In September 2018, developers GBE submitted their application for change of use of the Tower to "part hotel, ancillary facilities (gym, conference space, storage space, offices & restaurant) and ground floor coffee shop".

The application further includes "office floor space [...] a restaurant [...] and external alterations to the facade of Chartist Tower [...] and to the retail units fronting Upper Dock Street, Austin Friars (former Units 1-7 & 12-13) and Commercial Street (the former BHS)".
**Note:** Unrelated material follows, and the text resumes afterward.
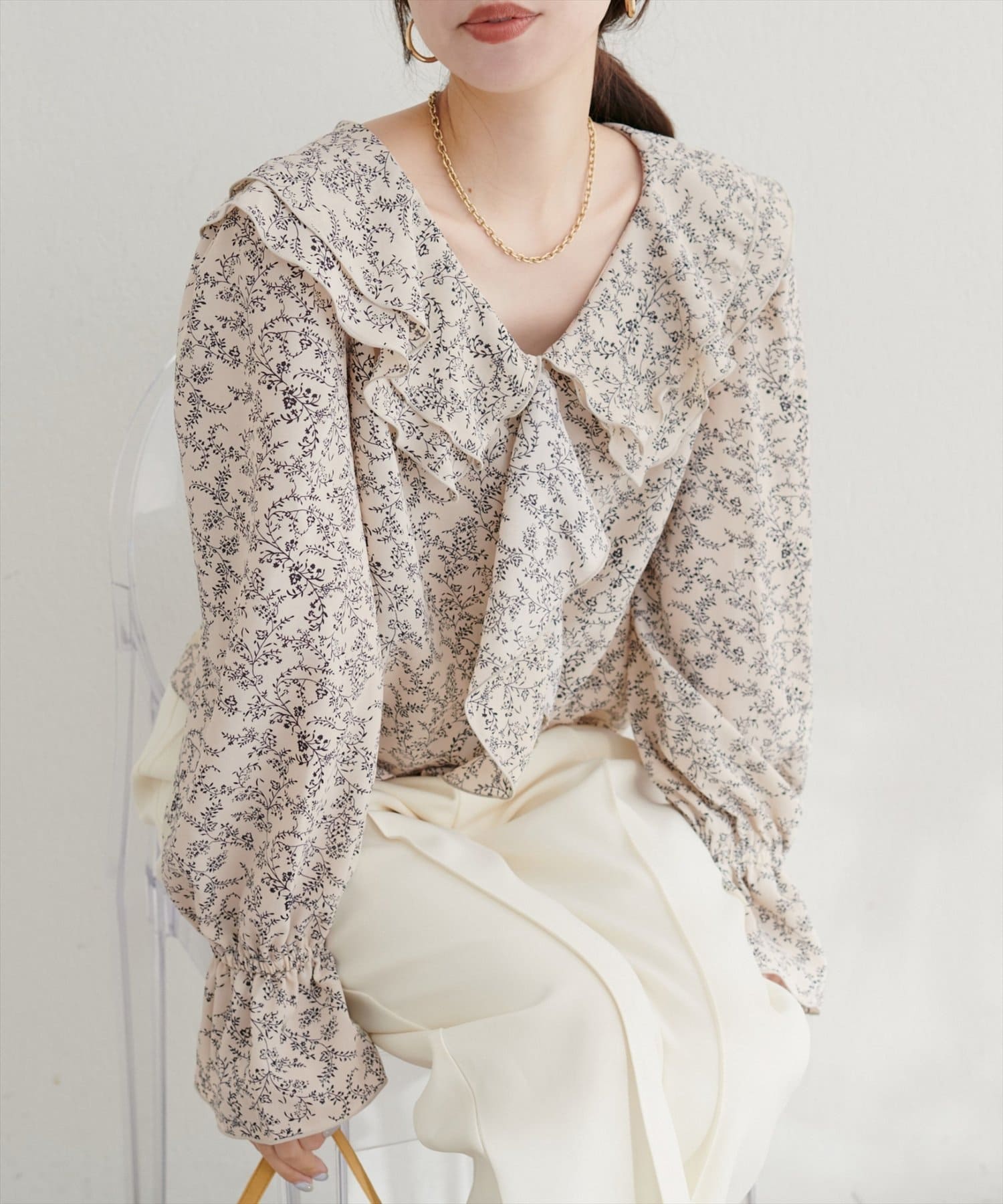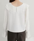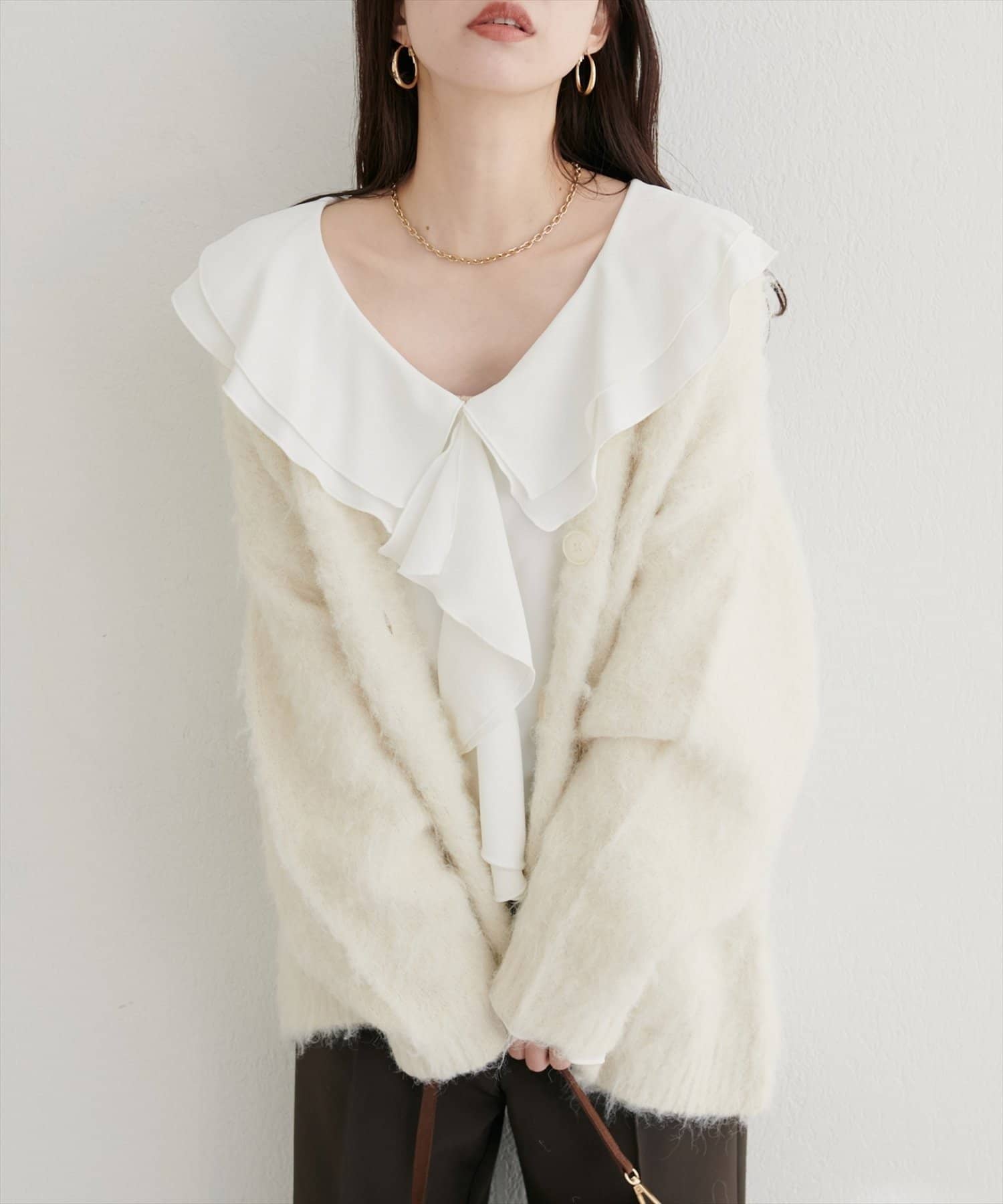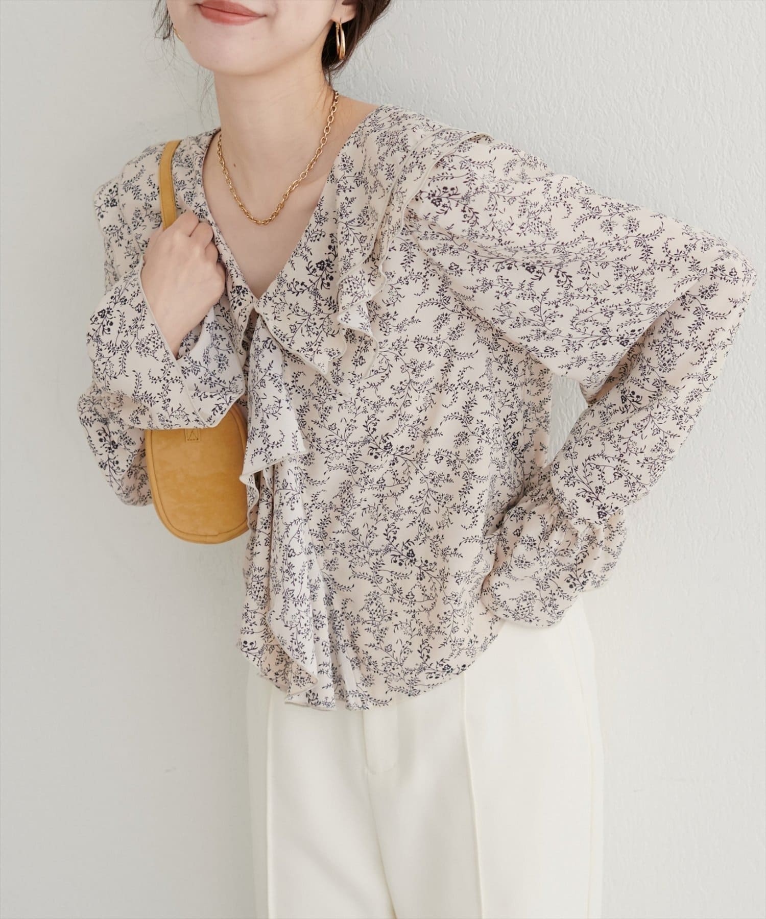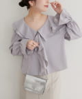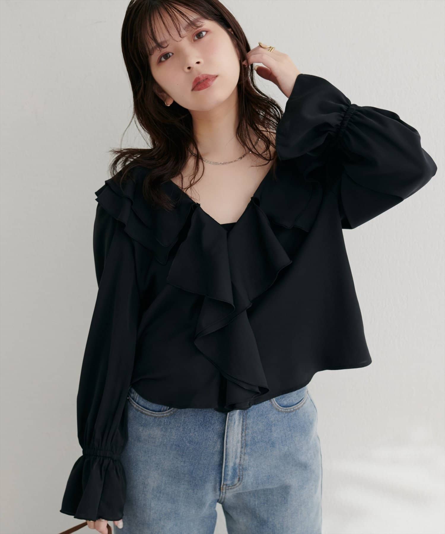 ふんわりと波打つフリルが、顔周りを華やかに彩るブラウス。

Planning permission was approved on 7 February 2019.

Media reports have suggested the upper floor space will be let to the Mercure hotel chain, with other 3-4 chain names in discussions, including the Celtic Manor. The site has space for between 120 and 160 bedrooms on site, depending on the developer. There is approximately 30,000 sq. ft of office space and 18,000 sq. ft of ground floor retail space.

Powell Dobson Architects have been appointed to act on the redevelopment, with Bristol based Hydrock providing design consultancy. Cardiff's architectural and interior design practice The IAD Company were appointed as interior designers for the project.

In April 2019 it was announced that the Welsh Government had awarded the project up to £2 million in Visit Wales and Targeted Regeneration Investment programme loans, with the Deputy Ministers for both Housing and Local Government; as well as Culture, Tourism and Sport, affirming their commitment to the project.